Mark Tucker, Group Chief Executive

‘As well as reaffirming our strategy, these results also reflect the operational expertise and excellence that our operating divisions around the world bring to bear, and fully justify our commitment to nurturing the financial strength of the Group through prudent management of capital resources.’

Mark Tucker
Group Chief Executive

Risk and capital management

The events of 2008 have put the balance sheets and capital positions of all insurance companies under close scrutiny. Few anticipated the depth of the banking crisis or the speed of onset of recession in the western economies. But at Prudential we entered 2008 in a generally defensive mode in expectation of a general downturn in the economic outlook – and this certainly stood us in good stead as events unfolded.

Despite the downturn, the capital position of the Group remained strong in 2008, in the face of a testing combination of highly volatile and declining equity markets, falling interest rates, widening spreads on corporate bonds, and rapidly deteriorating credit conditions. Our defensive stance on credit exposure in particular served us well – as did the comprehensive equity hedging strategies that we had put in place in the US to protect against product guarantees.

Given the crisis in the global banking industry in 2008, it is worth restating the fundamental differences between life insurers and banks – a distinction that extends to the two industries’ business models, capital ratios and regulatory needs. Insurers do not borrow short and lend long, do not give out credit, are structurally long in terms of liquidity, and are much better able to hold assets to maturity without risk of forced selling at depressed prices.

Equally important, at Prudential effective capital and risk management are central to our approach to managing the Group. We took to heart the lessons from the last downturn in 2002 and 2003, and responded by improving our skills base, reducing concentration levels, and managing our exposures prudently, but proactively. These measures paid off in 2008.

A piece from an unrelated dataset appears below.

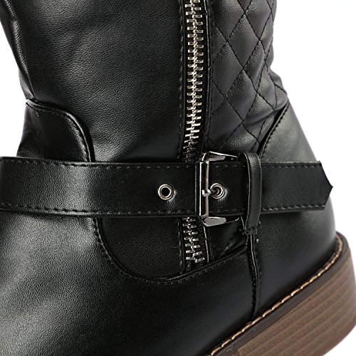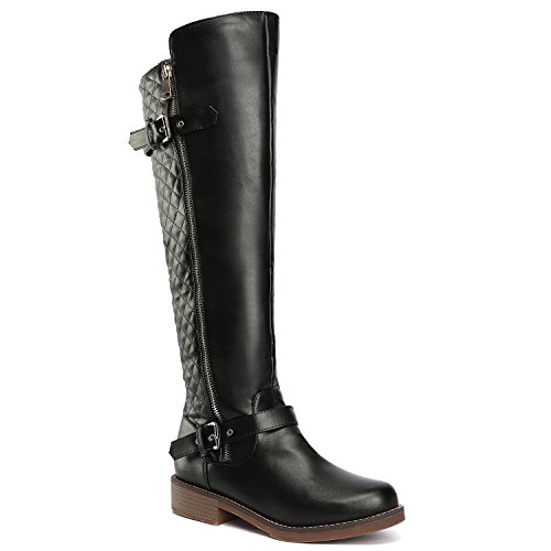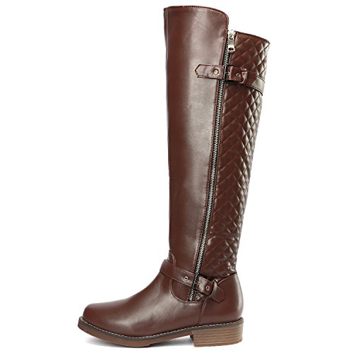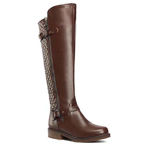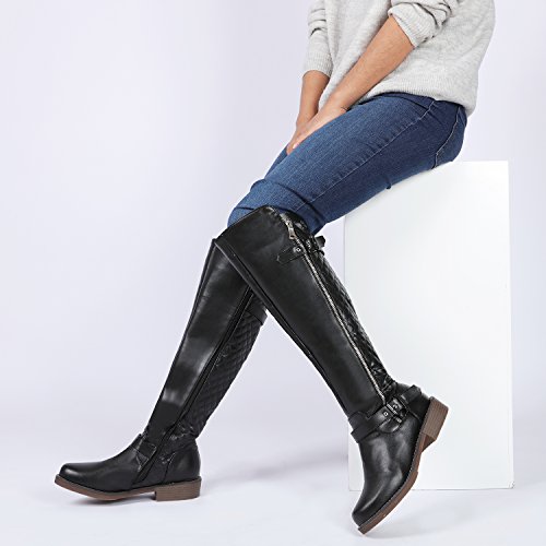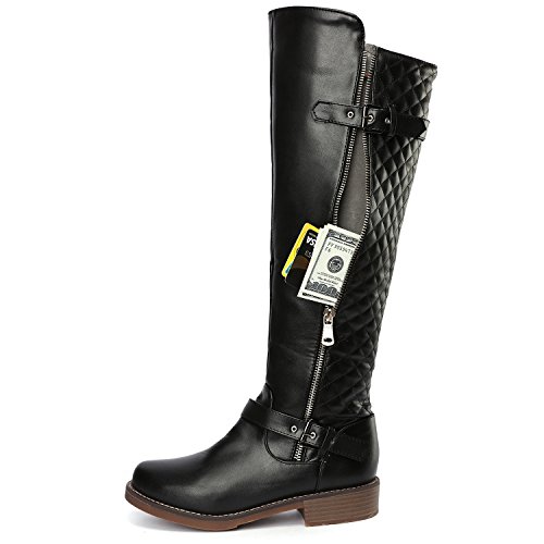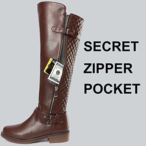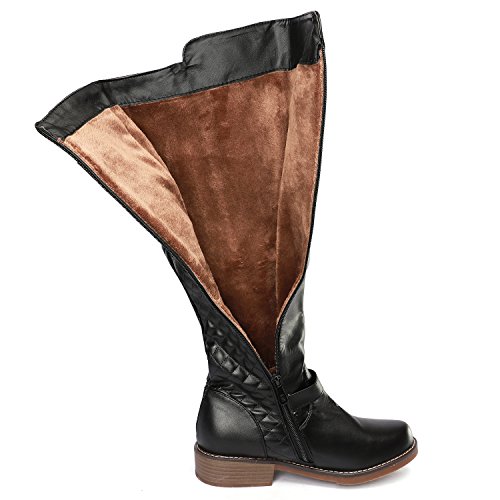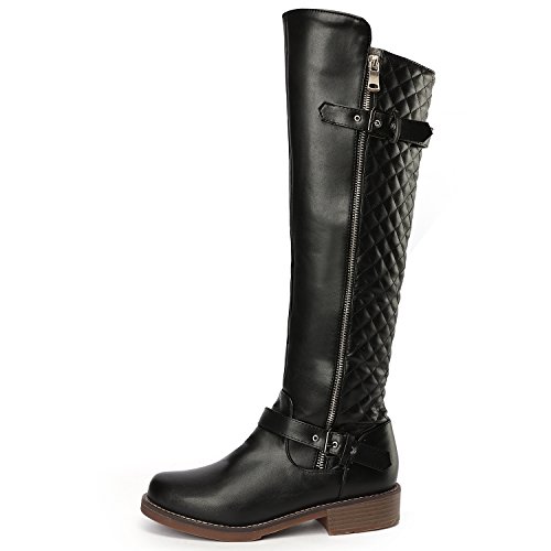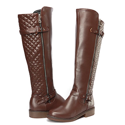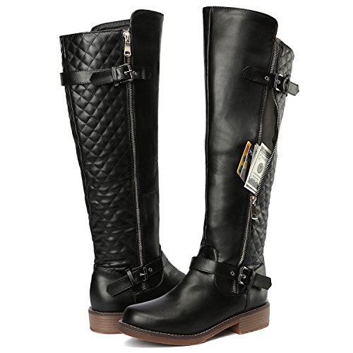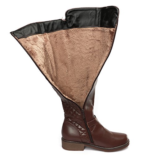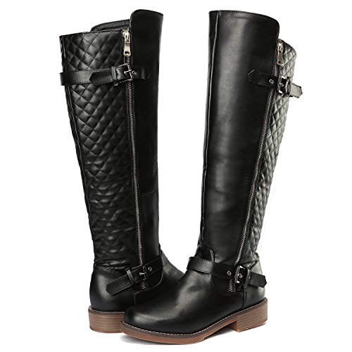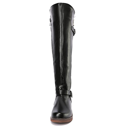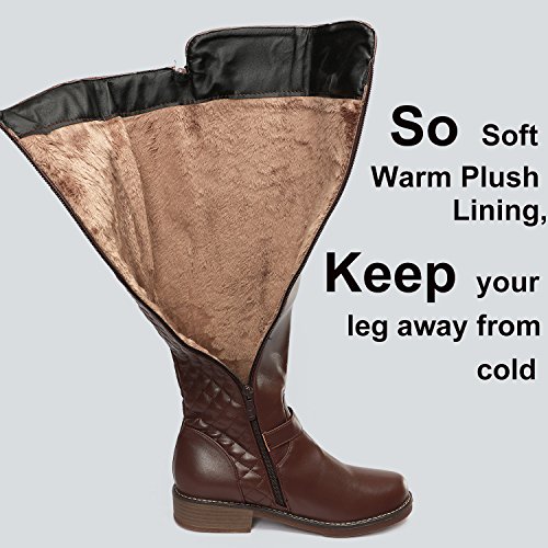 Odema Women's Leather Knee High Riding Boots Fur-Lined Buckle Low Heel Winter Bootie(Wide Calf ...

During the year we also took the decision not to proceed with the reattribution of the inherited estate in the UK With-Profits Sub-Fund of Prudential Assurance Company. This decision was taken after an exhaustive review of the potential benefits and disadvantages of such a move for policyholders and shareholders, the conclusion from which was that it would be in their best long-term interests to maintain the strength and stability inherent in the status quo. This cautious approach on behalf of policyholders and investors was supported at the time by most market commentators, and has been amply vindicated by subsequent events.

We also remain comfortable with the Group’s liquidity position at both holding and subsidiary company level. The holding company has significant internal sources of liquidity. As well as cash and near-cash assets of £1.2 billion – more than sufficient to meet all our requirements for the foreseeable future – the Group also has in place £2.1 billion of undrawn committed banking facilities.

One result of our consistently cautious capital and cash management strategy is our ability to maintain our conservative dividend policy, as reflected in the dividend announced with these results. Going forward, our Board will continue to focus on delivering a growing dividend, the size of which will of course continue to reflect the Board’s view at the time of the Group’s financial position and needs, including available opportunities for profitable investment. The Board believes that, in the medium term, a dividend cover of around two times is appropriate to maintain a progressive, though conservative, dividend policy.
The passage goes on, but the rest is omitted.